One silver lining, however, was joining an endometriosis support group, where a fellow member recommended an obstetrician and gynaecologist to her.
In October 2021, he diagnosed her with stage 4 endometriosis, as well as adenomyosis, where endometrial tissue grows into the muscle of the uterus. Cher’s endometriosis had also spread to her bowel.
Within a month, she underwent surgery to remove her womb and scrape off the affected parts of her bowel. During surgery, he found the cause of Cher’s unexplained fever – inflammation of cells in her body.
Having removed her womb, Cher no longer gets her period or suffers from pelvic and lower back pain. “I went to three hospitals, took more than 30 diagnostic tests, and spent over S$140,000 on medical bills before I successfully treated my endometriosis,” she said.
“I spent so much time going for tests and treatments that I lost a lot of bonding time with my kids and husband. During these two years my relationship with my family has also been slightly affected because of my mood swings.”
LET’S TALK ABOUT MENSTRUAL PROBLEMS
“Things may have been very different if my endometriosis had been detected and resolved earlier,” she said, noting that both patients and some GPs seem to have inadequate awareness of endometriosis.
“There is simply not enough information on endometriosis available – most of the women health talks are on cervical and ovarian cancer, and most public information don’t cover endometriosis or menstrual issues,” she said, adding that resources such as Doctor Anywhere’s Endometriosis Symptom Quiz could be helpful to increase patient awareness.

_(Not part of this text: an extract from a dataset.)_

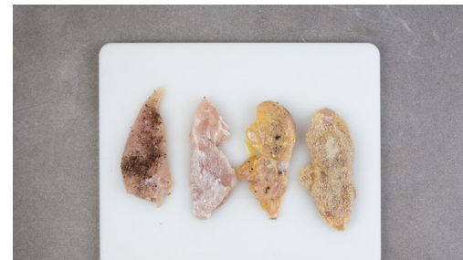
5. Schnitzel panieren

In einem großen Topf ausreichend leicht gesalzenes Wasser für die Kartoffeln zum Kochen bringen. Die Kartoffeln schälen, größere Kartoffeln halbieren. Im kochenden Wasser in 15-20Min. gar kochen. Tipp: Die Kartoffeln sind durch, wenn sie sich bei der Messerprobe leicht vom Messer lösen. Die Kartoffeln in ein Sieb abgießen und kurz abkühlen lassen.

She also reflected that a possible issue is that most women don’t like talking about menstruation, and may even feel uncomfortable about seeking medical advice for such issues, especially from male doctors. In a Bayer and Doctor Anywhere survey of 1,212 women conducted this year, approximately one in two women said they felt uncomfortable talking to co-workers about female health issues.
As a result, misconceptions related to the topic might abound, such as the belief that cold water causes heavy menstrual flow, or that heavy flow is normal.
Her advice for other women: “Know your body well and trust your instincts. If you think you are not experiencing normal menstruation and this persists for a few cycles, don’t take it lightly. Seek professional help so that you don’t end up suffering for a year or two like me,” she said.
Having endured a lonely and difficult recovery journey, Cher also believes that it is important to normalise the conversation about menstruation and menstrual problems. This will help to put more accurate information out there so that such health issues may be detected faster and patients such as her can benefit from more understanding and support from those around them.